## Exercise prompt
Output, exactly as written, the lines below starting at the line containing "Ricambio Serie regolaz." and ending at the line containing "Đây là một chủ". Drop the pictures and keep both end lines.

## Source data
━━━━━━━━━━

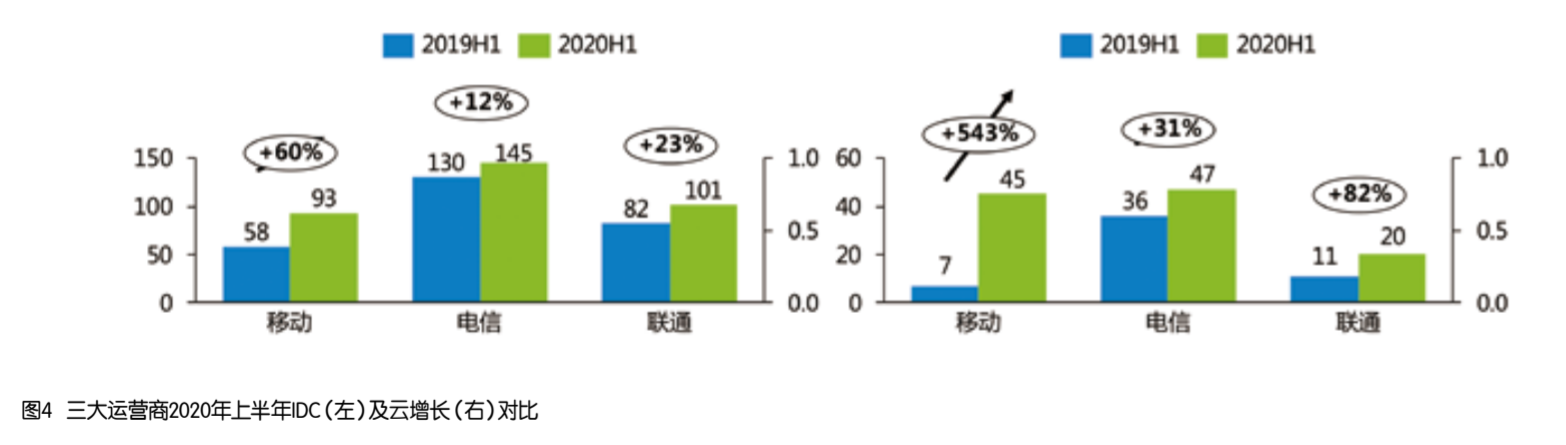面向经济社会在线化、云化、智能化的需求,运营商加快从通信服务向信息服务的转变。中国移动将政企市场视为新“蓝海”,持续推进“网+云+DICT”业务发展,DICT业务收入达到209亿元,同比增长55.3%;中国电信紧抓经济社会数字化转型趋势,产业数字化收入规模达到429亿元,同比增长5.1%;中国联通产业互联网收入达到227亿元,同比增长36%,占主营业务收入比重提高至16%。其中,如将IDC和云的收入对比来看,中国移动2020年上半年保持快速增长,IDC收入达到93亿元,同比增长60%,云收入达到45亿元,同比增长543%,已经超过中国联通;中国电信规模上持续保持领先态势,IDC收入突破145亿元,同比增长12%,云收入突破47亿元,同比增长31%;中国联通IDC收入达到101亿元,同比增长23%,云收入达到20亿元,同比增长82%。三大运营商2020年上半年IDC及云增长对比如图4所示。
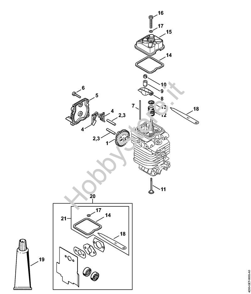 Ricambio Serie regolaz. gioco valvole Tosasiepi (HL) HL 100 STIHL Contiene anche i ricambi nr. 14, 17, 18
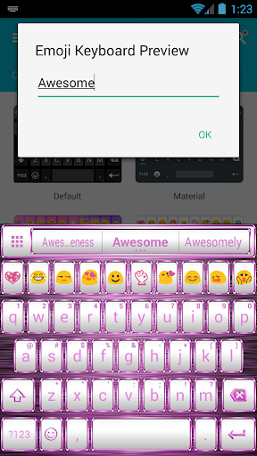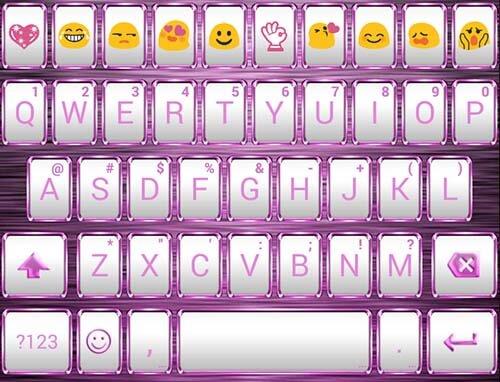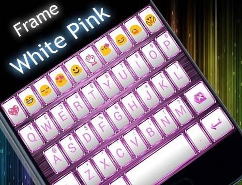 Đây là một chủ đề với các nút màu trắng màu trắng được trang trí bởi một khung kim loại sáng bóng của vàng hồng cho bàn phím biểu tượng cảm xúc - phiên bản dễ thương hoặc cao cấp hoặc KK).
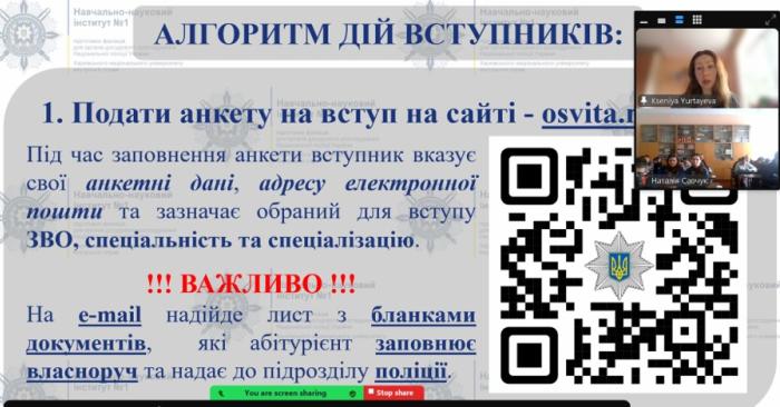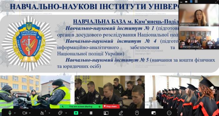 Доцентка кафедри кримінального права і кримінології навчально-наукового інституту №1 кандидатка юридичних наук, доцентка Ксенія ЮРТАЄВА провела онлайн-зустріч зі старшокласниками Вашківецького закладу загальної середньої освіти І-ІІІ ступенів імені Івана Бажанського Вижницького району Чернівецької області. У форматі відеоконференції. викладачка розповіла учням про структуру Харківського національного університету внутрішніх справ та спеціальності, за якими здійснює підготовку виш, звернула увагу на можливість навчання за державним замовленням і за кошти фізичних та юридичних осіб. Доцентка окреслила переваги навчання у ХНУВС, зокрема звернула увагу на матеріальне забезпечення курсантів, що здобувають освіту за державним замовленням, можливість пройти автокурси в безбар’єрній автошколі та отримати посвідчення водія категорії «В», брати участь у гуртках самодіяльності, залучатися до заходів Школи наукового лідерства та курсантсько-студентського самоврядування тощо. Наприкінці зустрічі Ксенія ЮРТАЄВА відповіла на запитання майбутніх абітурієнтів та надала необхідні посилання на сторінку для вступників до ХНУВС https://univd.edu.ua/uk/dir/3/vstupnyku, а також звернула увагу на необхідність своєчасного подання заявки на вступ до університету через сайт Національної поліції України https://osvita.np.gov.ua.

━━━━━━━━━━

## Result
 Ricambio Serie regolaz. gioco valvole Tosasiepi (HL) HL 100 STIHL Contiene anche i ricambi nr. 14, 17, 18
 Đây là một chủ đề với các nút màu trắng màu trắng được trang trí bởi một khung kim loại sáng bóng của vàng hồng cho bàn phím biểu tượng cảm xúc - phiên bản dễ thương hoặc cao cấp hoặc KK).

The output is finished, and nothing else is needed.